Big C don't know if you have tried this but it worked for me. Frank Pearson told me that I needed to retrain my brain to aim. And I didn't get it at first and I cried and whined like a baby. But I tried what he said . I went to 40 yds my point on this is where it was the worst. Pull to full draw aim and don't shoot. And I mean don't shoot it was very hard. Once I realized I wasn't going to shoot I got to where I could aim again it wasn't pretty at first but it got better. So I would load an arrow draw aim as long as I could then let down. The next arrow draw and aim longer than I wanted then shoot it wasn't pretty . But it got better I would do this twice a week. The biggest thing is when you are aiming and not shooting DON'T CHEAT and shoot!!!!!you are just aiming. After a couple of weeks Frank called and asked how it was going I said terrible I shoot and it feels awfull. I am hitting the spot or close but it feels bad Frank said I had forget what it feels like to shoot a good shot.
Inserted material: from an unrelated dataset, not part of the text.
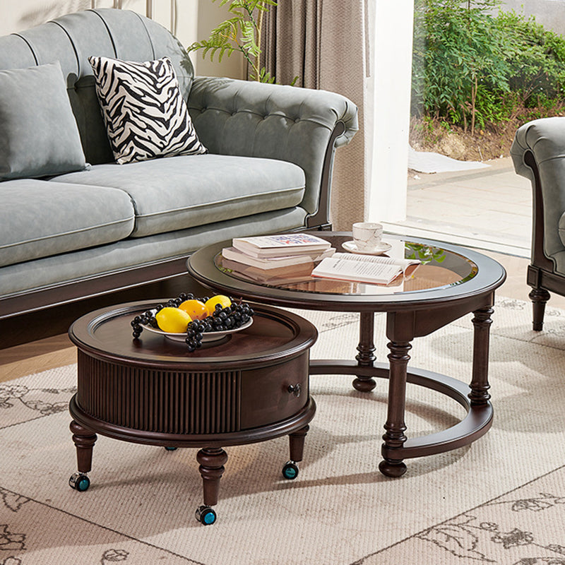 Designed for the ultimate in "versatile living," this modular set can be styled together as a tiered centerpiece or used separately as individual accent tables to suit your layout. Available in a moody Smoked Wood or a rich Cherry tone, it effortlessly adapts to both "small and large living rooms," offering a high-end focal point that bridges the gap between traditional craftsmanship and contemporary utility. Optimized for North American consumers searching for round glass-top coffee tables with storage, vintage nesting table sets, solid wood coffee tables with drawers, and French country living room furniture.

So then I added shooting with my eyes closed so I could feel a good shot without the aiming getting in the way. I did this for about three weeks and still do from time to time . Shooting with my wife who beats me regularly one day and I said it is still scary when I am aiming she said hold through it then shoot. So when it gets a little scary I hold through it and as it starts to com down I shoot. Most of the time it works not always but thats what the 3 down rule is for to help me get through the scary stuff. Frank yelled at me lot but it worked I owe him and my wife a ton. If you try this method remember don't cheat when you are aiming. My panic never go's completely away but I am able to control it instead of it controlling me. Hope this helps
Gary


----------



## mitchell (Mar 5, 2005)

Listen to Gary. It works.


----------



## 2413gary (Apr 10, 2008)

Yah Baby that's what I am talking about
GARY


Supermag1 said:


> One thing I do from time to time that helps control my snap shooting (my personal version of TP) is to draw, aim, hold for as long as I can and then let down and repeat several times. You can't let yourself shoot the shot even if it feels perfect and in control or you'll completely negate the drill. This can even be done in the middle of a shoot just to calm yourself down and prove to yourself that you're in control of your own shot.


----------



## big cypress (Jul 31, 2006)

i understand your instructions and appreciate your help and the time you've all given me . in the past i tried just holding and not shooting , both while aiming and while just at full draw and seeing a blank bale . my lack of control is amazing as more often than not the arrow shot itself , well any way it fired . wishing the arrow would shoot me rather than ''the arrow shot itself''' . . .thanks and peace


----------



## 2413gary (Apr 10, 2008)

Big C I understand I would at times shoot the arrow even though I didn't mean to Thats when Frank would yell you can't belive what he would call me. He was right the biggist thing I had to realize was I was in charge. I did not do this on a blank bale there was a target. just remember you are not shooting you are just Retraining your brain to aim without shooting. I fought this for at least 10 years. Besides GOD and family ARCHERY was and is my life I am living proof you can teach an OLD DOG new tricks.
Gary


----------



## aread (Dec 25, 2009)

BC, if you uput up a 30" diameter target, moved up to 5 yards and told yourself that the entire 30" target is the bullseye, do you think that you would still have TP?

I owe you an appology. I told you how to blank bale, but failed to tell you about how to take your bale shot to the target. I appologize. I am sorry.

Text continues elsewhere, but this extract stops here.